--- DATA EXTRACT Enclosed Below ---

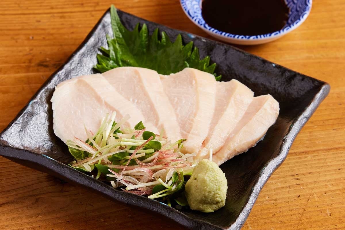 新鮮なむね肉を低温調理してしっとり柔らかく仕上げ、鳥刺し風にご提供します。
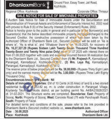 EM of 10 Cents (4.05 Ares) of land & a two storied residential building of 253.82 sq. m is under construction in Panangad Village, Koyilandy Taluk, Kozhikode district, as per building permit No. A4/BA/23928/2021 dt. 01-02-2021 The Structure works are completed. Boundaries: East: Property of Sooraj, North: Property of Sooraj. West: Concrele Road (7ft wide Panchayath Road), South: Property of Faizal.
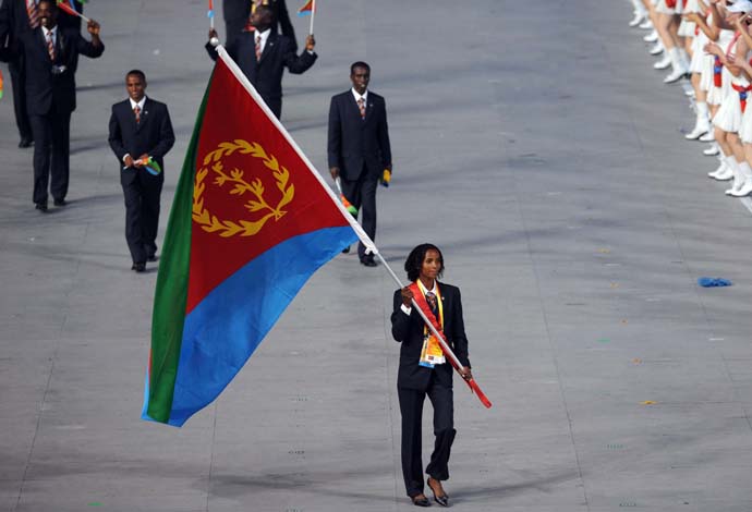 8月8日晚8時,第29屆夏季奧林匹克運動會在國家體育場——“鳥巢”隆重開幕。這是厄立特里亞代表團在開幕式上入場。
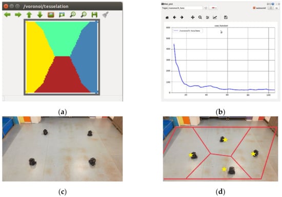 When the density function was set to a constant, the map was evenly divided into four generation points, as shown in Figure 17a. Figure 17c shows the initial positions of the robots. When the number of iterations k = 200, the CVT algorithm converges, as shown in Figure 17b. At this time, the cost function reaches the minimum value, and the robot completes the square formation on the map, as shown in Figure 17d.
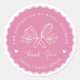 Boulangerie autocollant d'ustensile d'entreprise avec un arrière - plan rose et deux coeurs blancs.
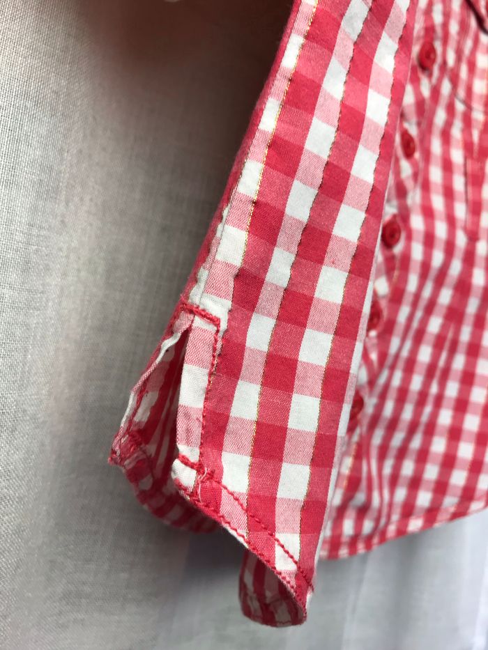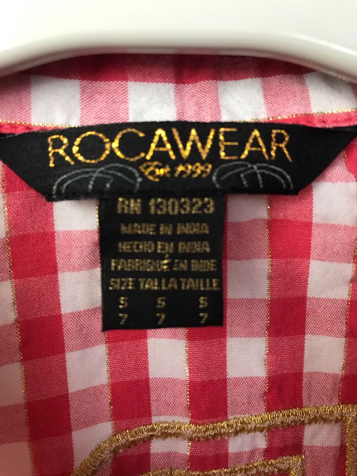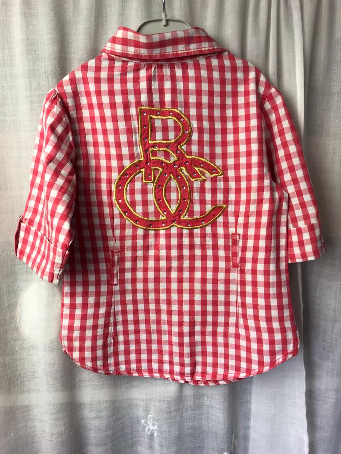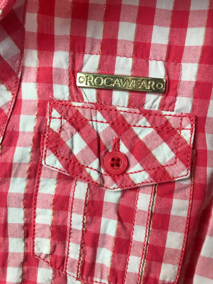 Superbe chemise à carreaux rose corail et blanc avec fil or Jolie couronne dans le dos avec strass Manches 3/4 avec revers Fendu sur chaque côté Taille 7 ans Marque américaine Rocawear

--- End of Enclosed DATA EXTRACT ---

When you reach the line that contains "8月8日晚8時,第29屆夏季" in the records above, copy it and every line after it exactly through the last one, leaving out the pictures.

## ANSWER FOR THIS EXERCISE:
 8月8日晚8時,第29屆夏季奧林匹克運動會在國家體育場——“鳥巢”隆重開幕。這是厄立特里亞代表團在開幕式上入場。
 When the density function was set to a constant, the map was evenly divided into four generation points, as shown in Figure 17a. Figure 17c shows the initial positions of the robots. When the number of iterations k = 200, the CVT algorithm converges, as shown in Figure 17b. At this time, the cost function reaches the minimum value, and the robot completes the square formation on the map, as shown in Figure 17d.
 Boulangerie autocollant d'ustensile d'entreprise avec un arrière - plan rose et deux coeurs blancs.
 Superbe chemise à carreaux rose corail et blanc avec fil or Jolie couronne dans le dos avec strass Manches 3/4 avec revers Fendu sur chaque côté Taille 7 ans Marque américaine Rocawear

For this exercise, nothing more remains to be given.